How Do I Live After Trauma Therapy?
This blog was started by my during my Trauma Therapy. The intense EMDR, Brainspotting and most of the hard work with triggers is finished. I left therapy having to learn how to pick up where my life in so many ways stopped. Little things like keeping up with laundry, vacuuming and gradually going through clutter became a higher priority. The amount of work needing to be done in my house was immense, but I had to learn to take each day as it came and to do what I could without getting in a tailspin. I am learning that it will probably take years to become "organized" and I am OK with this.
I also have my teenage children still at home and they need me so much (and then in so many ways they don't want to need me at all). Do you understand my sense of lost time? I accept it, but know that I was not fully there for my children, and yet still I did do that best I could "in the moment," each moment. Learning to be present and interact with my teens has been a huge challenge in my life. Giving them the time and focus, loving them deeply, and communicating clearly is a priority that I embraced but also often fell short of fulfilling. In the beginning months of not going to therapy I stress with my children that I knew I had changed and I wanted a chance to continue to build better relationships. I am sure this was awkward for them, but it was important for me to express it and to recognize I was starting on a new leg of my journey with my family.
And then there was church, I wanted to be seen as new as I felt. I wanted a clear slate. Telling people that my trauma therapy was over, I thought people would understand how important it was for me to reintegrate into being a functioning part of the body, but I sensed that I had been discarded long ago and that nothing was going to change. I was not needed or wanted -- I was damaged goods. Of course, probably no one ever said that to themselves or another. It was just in my head, a felt sense. The pain was too cutting; I chose to stay home and not endure the suffering. We watched Charles Stanley on TV most Sunday mornings. Eventually we began to venture out and look for a church. This was a long, but good journey. As I have seen many times before, my area in TN has MANY wonderful congregations and varieties of churches. The trick was finding one that everyone felt was the one we needed since we are all in different places in our walk.
And with my freed up time, I consumed as many books as I could; my mind was uncluttered and I could learn rapidly. I tried to experience new things and to grow and expand my abilities that had been thwarted -- it felt like my whole life.

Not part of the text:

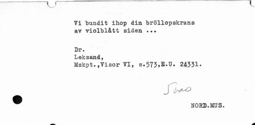//// Vi bundit ihop din bröllopskrans av violblått siden ... //// Dr. //// Leksand, //// Mskpt.,Visor VI, s.573*E.U. 24331. //// NORD.MUS. ////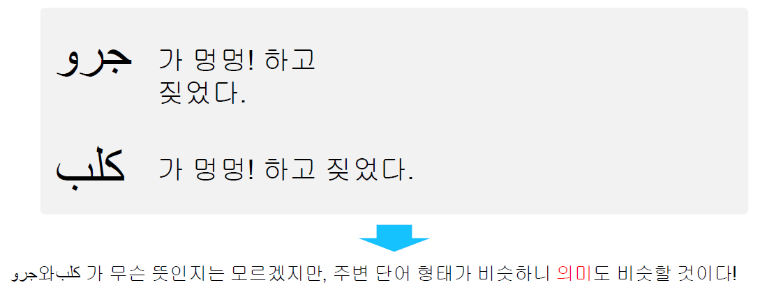 한 단어의 주변 단어들을 통해, 그 단어의 의미를 파악

It seemed like time had arrived for me to become who God created to be and to do what He created me to do. So I did and ran and tried and explored. I dipped my toes in waters that I had only dreamed about trying. My life felt short; I knew I would never live long enough to redeem the years the locus had stolen. A sadness settled in and a reality of my age enlarged within my soul. Everything looked appealing--like a little child in an ice cream store--I wanted to try all the flavors instead of settling on one.
After eighteen months of living life after therapy, a crashing thought came over me.... I didn't know who I was or what I was suppose to do.

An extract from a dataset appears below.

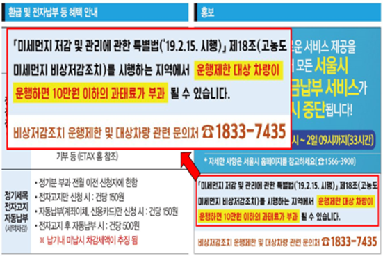 또한 자동차 소유주에게 좀 더 직접적으로 안내하기 위하여'자동차세금 고지서'와'자동차 정기검사 안내서' 등도 활용할 예정인데요.올해 12월분 자동차세금 고지서에는'미세먼지 저감 및 관리에 관한 특별법('19.2.15 시행)'에 따라'미세먼지 고농도 발생 시 자동차 운행제한 제도'가 시행됨을 알리는 안내 문구가 삽입됩니다.

I wanted my life to make a difference, a grandiose mark. In the process of exploring, I had lost my anchor in God. He still was my source, but I was trying to blossom apart from Him. I had lost the ability to BE STILL and KNOW THAT HE IS GOD. I was living "do" and know that He is God. What I "do" is not who I am... is slowly dawning on my soul. I need to practice living in a state of "being". I need to BE STILL in the presence of GOD.

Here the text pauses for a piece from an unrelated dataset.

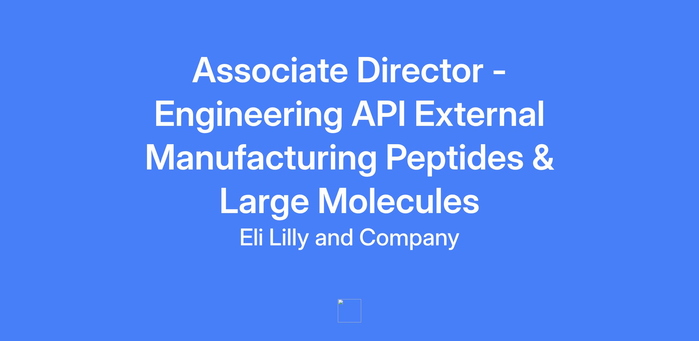 Associate Director - API EM Engineering Leader for Peptides and Large Molecule, providing leadership and expertise to reliably supply and commercialize externally manufactured APIs, intermediates and starting materials with safety first and quality always. Role involves increasing technical complexity and commercialization activity as the pipeline progresses.

Oh, Father God, tutor me in how to "be".
I have been running about busy,
But I am beginning to see,
Without soaking time with You,
I will never "be"
The priceless person
I was "created to be".
So this is where I was in life, this was part of the struggling of re-entering into life beyond trauma therapy. I am certain everyone's experience is unique, as we are all unique beings. The take away that is similar to everyone is: be kind to yourself and others, knowing that being rooted into God, abiding in Him is the central core of healing. It is the source and center during therapy and thereafter. This I am learning... though I thought I already knew it. God is lovingly reminding me... to rest in Him.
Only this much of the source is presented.